Confocal imaging was performed using an inverted confocal microscope (Olympus IX83) equipped with a confocal scanner unit spinning-disk scan head (Yogokawa) and an electron multiplying charge-coupled device camera (iXon Ultra 888). Worms were imaged on 2% fresh agar pads mounted in M9 solution containing 50 mM NaN3.
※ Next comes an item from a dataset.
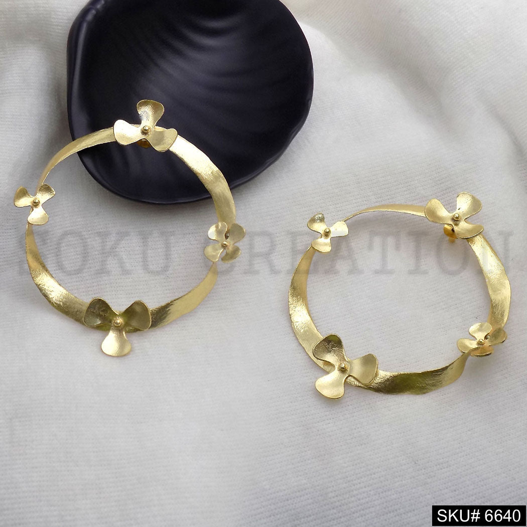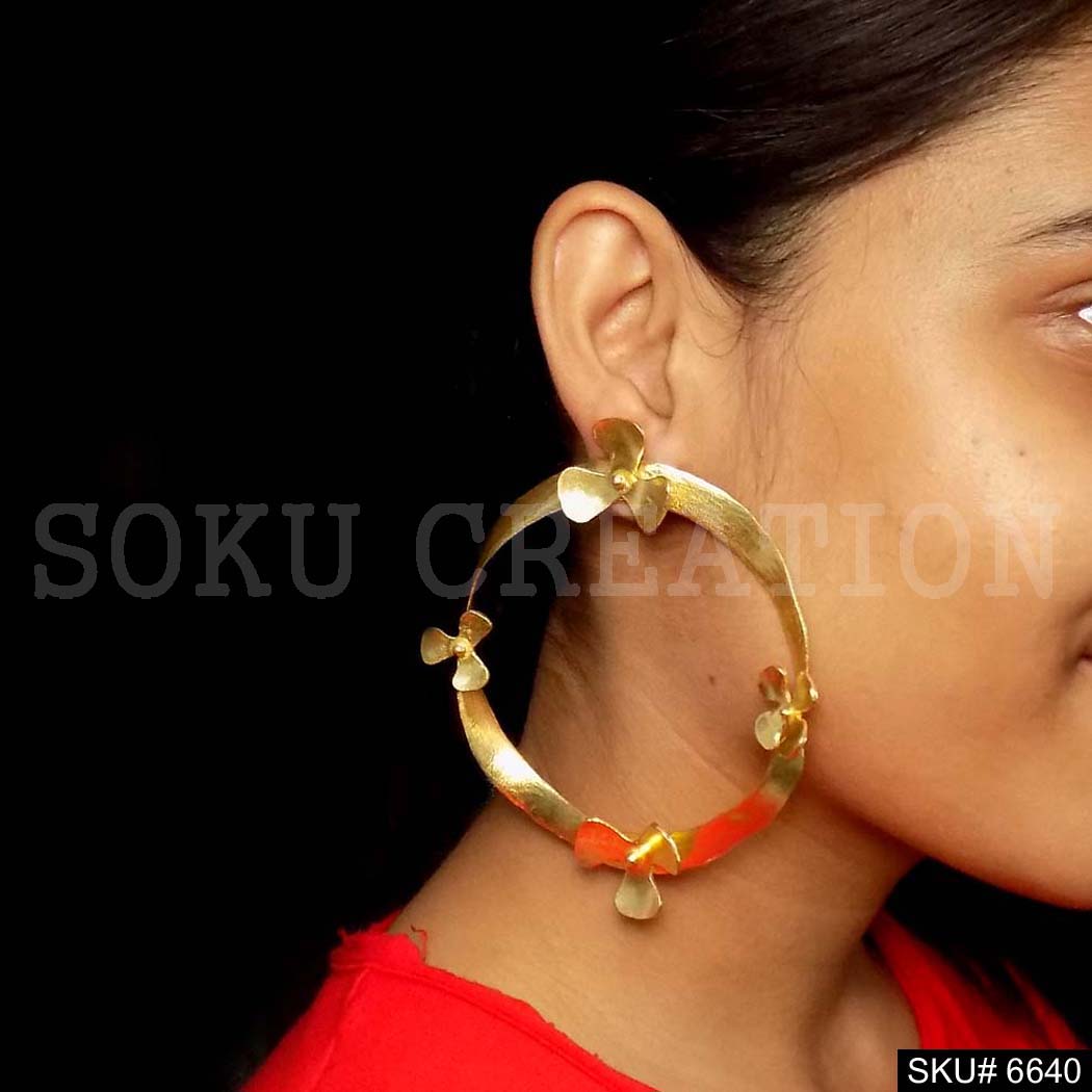 Gold plated Flower on Circle Big Hoops Unique Handmade Design of Stud Earring SKU6640

Comparison of wrmScarlet and TagRFP-T fluorescence was performed as follows: (1) confocal stacks of the head region were acquired for TagRFP-T and wrmScarlet knock-in strains on the same day, using identical settings, and NaN3 immobilization; (2) the same number of confocal slices was selected from each stack; (3) stacks were projected by summing fluorescence at each pixel position in the stack; (4) total fluorescence was measured in areas of identical size and position relative to the anterior tip of the worm and pharynx; and (5) total fluorescence was corrected by subtracting equipment noise, i.e., fluorescence measured in an area of the same size outside of the sample.
Data availability
All C. elegans strains and plasmids described in this study are available upon request.
Results
Generation of d10-entry strains as a starting point for robust and precise gene modification
Our strategy starts with the insertion of the d10 sequence (i.e., dpy-10 protospacer + PAM) into the locus of interest (Figure 1A). First, we targeted three positions in two genes coding for two-pore domain potassium channel subunits: (1) the ATG start site of sup-9, (2) the ATG of the egl-23b isoform, and (3) the common stop codon of all egl-23 isoforms (Figure 1A). Next, we predicted all possible sgRNA sequences within a 50-base window around these positions, and selected sgRNAs close to the ATG or stop codons. Using multiple sgRNAs increases the chances of finding at least one sgRNA that cuts efficiently enough to insert the d10 site at the desired location. We then defined the portion of the gene to be replaced by the d10 site, based on the positions of the most upstream and most downstream PAM sequences. Finally, we designed a single-strand oligonucleotide sequence (ssON) containing the d10 sequence flanked by up- and downstream homology regions of ∼50 bases (Figure 1A). This ssON could serve as a repair template with all selected sgRNAs since it did not contain their protospacer or PAM sequences.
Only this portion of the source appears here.